*YOUR GOAL*. Set the data down exactly as it stands, and keep its pictures out.

*GIVEN DATA*.

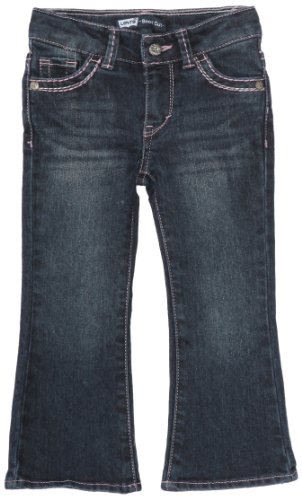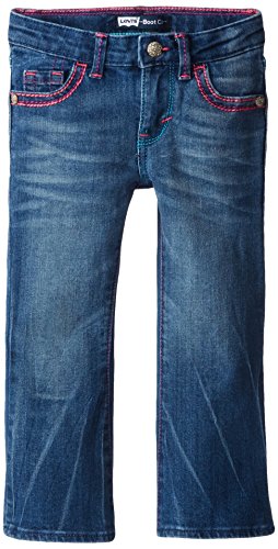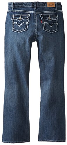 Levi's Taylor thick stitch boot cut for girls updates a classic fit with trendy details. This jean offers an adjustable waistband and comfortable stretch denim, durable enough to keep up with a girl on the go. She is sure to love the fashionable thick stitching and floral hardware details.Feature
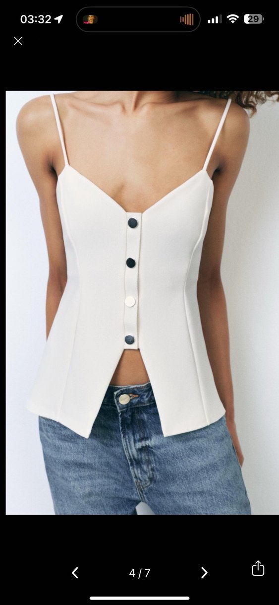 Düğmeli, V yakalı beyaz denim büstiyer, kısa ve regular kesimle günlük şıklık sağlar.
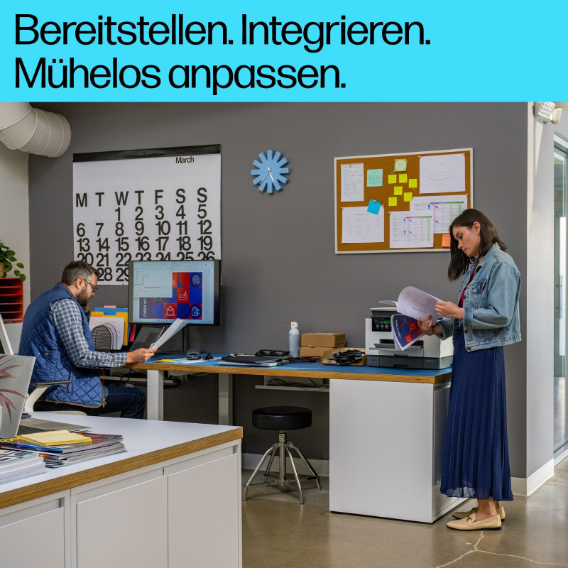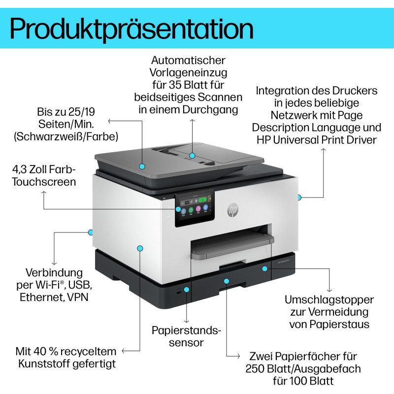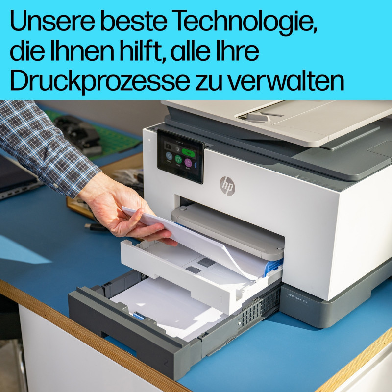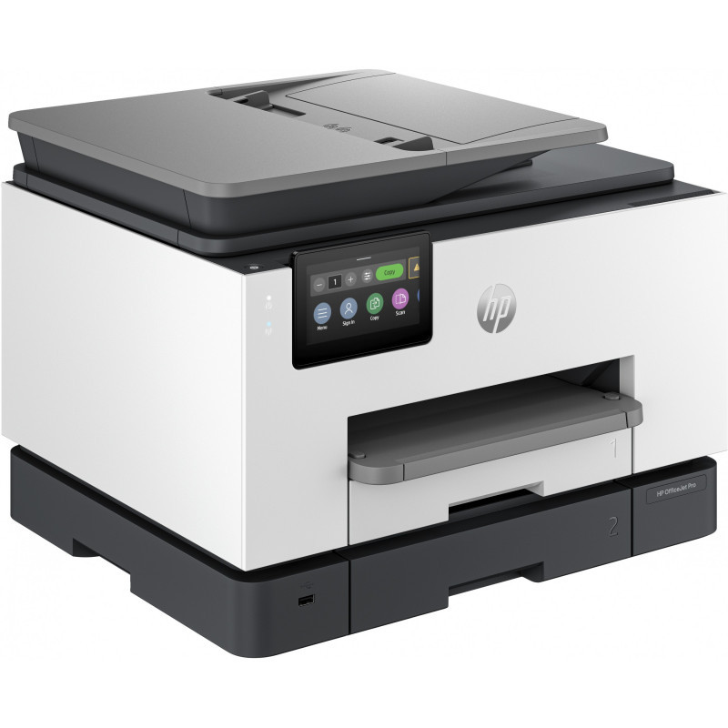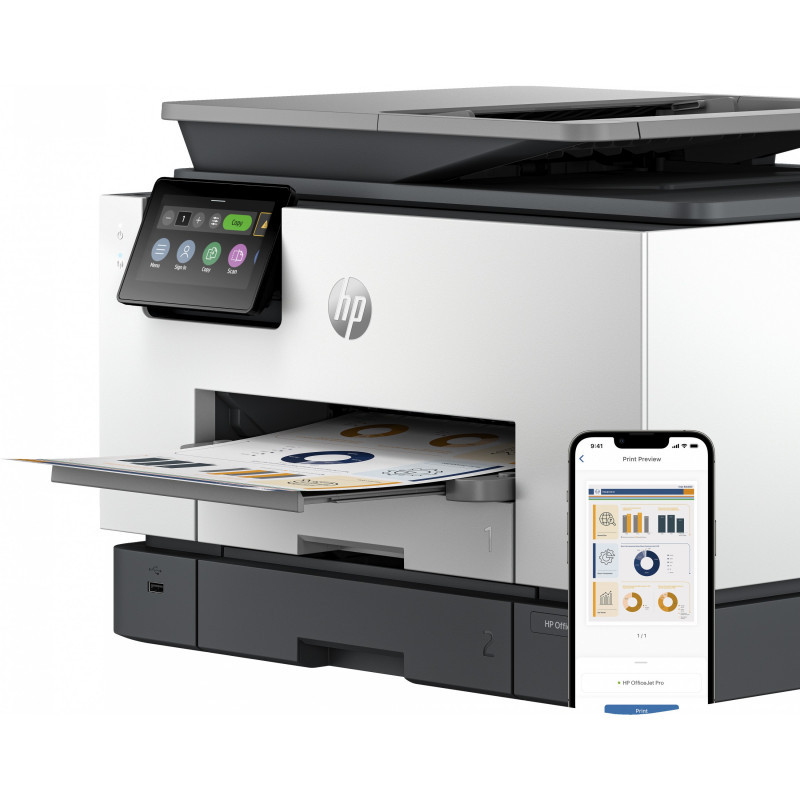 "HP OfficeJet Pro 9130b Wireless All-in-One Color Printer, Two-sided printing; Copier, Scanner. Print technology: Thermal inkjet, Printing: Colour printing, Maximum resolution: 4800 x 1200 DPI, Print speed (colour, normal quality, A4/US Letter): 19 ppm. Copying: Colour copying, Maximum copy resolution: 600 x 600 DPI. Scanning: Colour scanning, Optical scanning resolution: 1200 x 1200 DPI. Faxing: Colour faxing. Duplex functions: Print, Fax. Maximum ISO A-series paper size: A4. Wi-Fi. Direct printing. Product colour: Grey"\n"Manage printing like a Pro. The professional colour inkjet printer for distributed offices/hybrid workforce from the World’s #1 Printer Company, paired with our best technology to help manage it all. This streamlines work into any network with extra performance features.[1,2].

*YOUR RESPONSE*.
 Levi's Taylor thick stitch boot cut for girls updates a classic fit with trendy details. This jean offers an adjustable waistband and comfortable stretch denim, durable enough to keep up with a girl on the go. She is sure to love the fashionable thick stitching and floral hardware details.Feature
 Düğmeli, V yakalı beyaz denim büstiyer, kısa ve regular kesimle günlük şıklık sağlar.
 "HP OfficeJet Pro 9130b Wireless All-in-One Color Printer, Two-sided printing; Copier, Scanner. Print technology: Thermal inkjet, Printing: Colour printing, Maximum resolution: 4800 x 1200 DPI, Print speed (colour, normal quality, A4/US Letter): 19 ppm. Copying: Colour copying, Maximum copy resolution: 600 x 600 DPI. Scanning: Colour scanning, Optical scanning resolution: 1200 x 1200 DPI. Faxing: Colour faxing. Duplex functions: Print, Fax. Maximum ISO A-series paper size: A4. Wi-Fi. Direct printing. Product colour: Grey"\n"Manage printing like a Pro. The professional colour inkjet printer for distributed offices/hybrid workforce from the World’s #1 Printer Company, paired with our best technology to help manage it all. This streamlines work into any network with extra performance features.[1,2].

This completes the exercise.